- Born: 28 July 1922
- Died: 3 September 2011 (aged 89) Vilafortuny, Spain
- Occupation: Businesswoman
- Relatives: Xavier Espot Zamora (grandson)

= Júlia Bonet Fité =

Júlia Bonet Fité (28 July 1922 – 3 September 2011) was an Andorran businesswoman, president and founder of Perfumeria Júlia.

== Early life ==
Bonet was the daughter of Francesc Bonet, a native of Peramola (Alt Urgell), refugee in Andorra because of the Rif War, and one of the daughters of Cal Farreró d'Escaldes. Up to 12 years of age, she attended the French school in Escaldes, together with her sisters. When leaving the school, all three would leave to France to work, while Bonet would stay in Andorra because of her parents' wishes. She started working as a hairdresser in a barber shop on the lower floors of the house, which had a small space dedicated to ladies' hairdressing. Since Andorra did not have the necessary materials, Bonet moved to Toulouse to buy materials to use in her establishment, and also to sell them.

The social changes that occurred in Andorra during the second half of the 20th century and the consumerist fever that became the root cause of the political situation in neighboring countries make Júlia Bonet increase the sale of products in a very significant way, leading her to move away from hairdressing toward the selling of perfumes.

In 1948, Bonet married Père Zamora, a worker of FHASA, who later joined the family business. With him, she had three daughters, Anna Maria, Melania and Immaculada, who would also end up joining the business.

== The business expansion ==
The success of the operation allowed the business to improve expand, and they gradually opened other stores in other parts of the country. Specifically, in 1958, Bonet would open what would be the second store on Meritxell Avenue of Andorra la Vella. In 1961, she opened a third store in Escaldes, under the name Anmei, based on the name of her three daughters. In 1970, she opened the Ibis d'Escaldes perfumery, motivated by the need not leave a part of the neglected clientele due to the works that were carried out in the mansion of Júlia Bonet.

The first center opened outside the central and commercial center of the country in Pas de la Casa, in 1983, which encouraged sales to visitors from Andorra on the French border.
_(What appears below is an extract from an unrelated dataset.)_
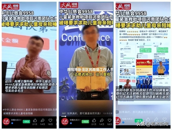 另据媒体华商报大风视频和海报新闻视频号进一步详细报道,近日,河南南阳有大V在网上爆料中华儿慈会河南负责人、9958志愿者雷某哄骗患病孩子妈妈陪睡才给捐款。有网友称:"雷某让患病孩子妈妈陪他睡一次,给一点捐款,再睡一次,再给点捐款,直到把患病孩子拖死,把捐款吞了。"曝光的疑似雷某与患病孩子妈妈的聊天截图中,雷某直言:"爱你,爱你一辈子。"对此,中华儿慈会工作人员回应:"不清楚此事,要向领导反馈。"河南省民政厅慈善处回应:"正在了解情况和核实。"
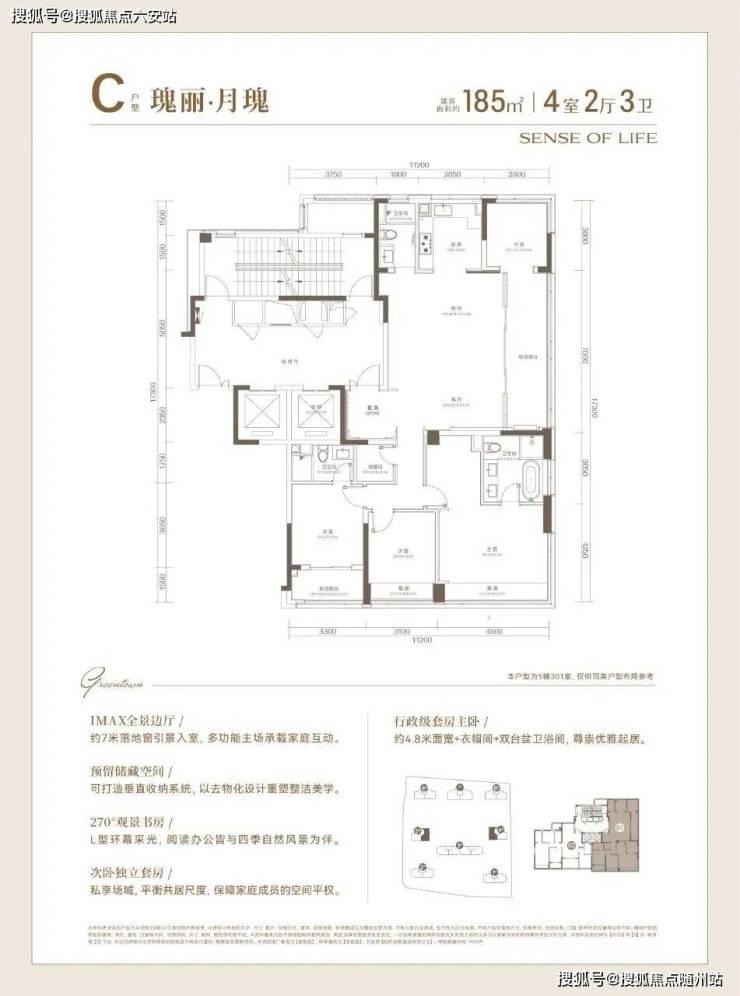 建面约185方户型,高品质的寰景奢宅:

Towards 1985, Bonet decided to close the hairdresser's shop, and to build one of the centers for marriage, the Júlia Center, presided over by a monumental clock called "Horloge à voir le temps couler", by Bernard Gitton. At that time, she also decided to create her own range of products, which would later be updated in 2004.

In 1999, the business began to expand outside the Andorran borders, specifically into Spain, where she opened several perfumeries around the country.

== Death ==
On the morning of 3 September 2011, Bonet suffered a cardiorespiratory arrest in her apartment located in Vilafortuny (Cambrils). She was transferred to the Hospital de Reus, and nothing could be done to save her life. The burial took place in the Church of Sant Pere Màrtir in Escaldes-Engordany on September 5. In mourning, all Perfumeria Júlia stores were kept closed for two days.